For the secondary outcome, we present the mean (SD) of the Bayley-III cognitive composite score, the language scaled scores (receptive and expressive) and composite scores, and the motor scaled scores (fine and gross) and composite scores. We used a Student's t-test to compare the means between the groups. For all analyses, a two-sided p-value of < 0.05 was considered statistically significant. Statistical analyses were performed using Statistical Package for the Social Sciences (SPSS® Statistics Version 25).
Results
A total of 165 pregnant women showed interest in participating in the study by contacting the study secretariat. From January 2016 until February 2017, a total of 137 pregnant women were enrolled in the study and signed the informed consent. Between the enrollment and randomization, 4 participants withdrew from the study, and in total, 133 pregnant women were randomized to the intervention group (n = 68) or the control group (n = 65). Between randomization and post-testing, nine participants dropped out of the study [six (8.8%) in the intervention group and three (4.6%) in the control group]. In addition, two participants were lost to follow-up due to preterm delivery. Hence, for the primary outcome (UIC), 122 participants [n = 61 (89.7%) in the intervention group and n = 61 (93.8%) in the control group] were included in analysis.
For the secondary outcome (Bayley-III), 112 participants [n = 57 (83.8%) in the intervention group and n = 55 (84.6%) in the control group] were included in the analyses. There were no differences in any baseline characteristics between participants who withdrew from the study and those who completed the study at 11 months (Supplementary Table S1). An overview of the recruitment and flow of participants through the trial is outlined in Figure 1. Baseline characteristics for the randomized pregnant women were similar in the two groups (Table 1).
Table 1.
Characteristic | Control |
Intervention |
||
---|---|---|---|---|
n | n | |||
Age, years, mean (SD) | 65 | 29.1 (3.5) | 68 | 29.6 (4.0) |
BMI, kg/m2 | 62 | 23.3 (4.3) | 68 | 22.9 (3.9) |
Education, years, % | 63 | 68 | ||
≥12 | 7 | 11.1 | 11 | 16.2 |
13–16 | 15 | 23.8 | 18 | 26.5 |
>16 | 41 | 65.1 | 39 | 57.4 |
Household income (NOKa), % | 63 | 68 | ||
Low (<200,000–549,000) | 15 | 23.8 | 23 | 33.8 |
Medium (550,000–1,249,999) | 40 | 63.5 | 36 | 52.9 |
High (1,250,000 to >2,000,000) | 8 | 12.7 | 9 | 13.2 |
Nicotine use in pregnancy,b yes, % | 62 | 68 | ||
≤gestational week 8 | 7 | 11.3 | 5 | 7.4 |
>gestational week 8 | 0 | 0 | 0 | 0 |
Iodine intake, μg/day, median (IQR)c | 65 | 133 (81–240) | 68 | 152 (92–267) |
Milk and dairy | 65 | 67 (43–92) | 68 | 62 (22–76) |
Egg | 65 | 7 (3–14) | 68 | 7 (3–14) |
Seafoodb | 65 | 33 (94) | 68 | 42 (94) |
Supplements (users only) | 21 | 175 (135–200) | 25 | 150 (131–175) |
Iodine supplement use since becoming pregnant, n (%)d | 59 | 21 (32) | 63 | 29 (43) |
One hundred NOK = ∼11.6 USD/10.2 EUR.
No participants reported use of nicotine after gestational week 8.

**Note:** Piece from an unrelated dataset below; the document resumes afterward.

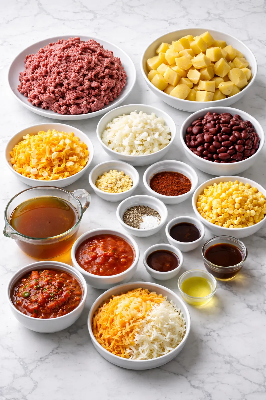 - Ground beef – Provides the hearty, savory base of the casserole.

Intake estimated from six-day food dairy at baseline.
Reported from food frequency questionnaire.
BMI, body mass index; IQR, interquartile range; NOK, Norwegian Krone; SD, standard deviation.

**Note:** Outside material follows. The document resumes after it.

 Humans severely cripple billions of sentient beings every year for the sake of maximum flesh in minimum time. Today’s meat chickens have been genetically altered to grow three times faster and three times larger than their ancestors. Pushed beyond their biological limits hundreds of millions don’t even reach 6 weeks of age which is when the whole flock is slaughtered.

Mean compliance score was 77, ranging from 35 to 102. More than 70% of the participants had a compliance score of more than 70. Approximately 50% of the participants had a compliance score of more than 80. Less than 10% had a compliance score of <50. The mean (SD), median (IQR), and 5 percentile intakes of the received cod in the intervention group were 306 (62), 318 (275–356), and 175 g per week, respectively. The mean (IQR, min, max) analyzed iodine content of the cod given in the intervention based on analysis of 30 individual cod samples was 81 (46–71, 31, 630) μg/100 g. There were no reported adverse events during or after the intervention.
In total, six infants were delivered preterm (<gestational week 37) (n = 3 in the control group, n = 3 in the intervention group), and three infants were born with low birthweight (<2500 g) (n = 2 in the control group, n = 1 in the intervention group). There was no difference between gestational length [control group: mean (SD): 40.2 (2.6) weeks, intervention group: mean (SD): 40.3 (1.8) weeks] and birthweight [control group: mean (SD): 3442 (589) g, intervention group: mean (SD): 3541 (478) g] between the groups.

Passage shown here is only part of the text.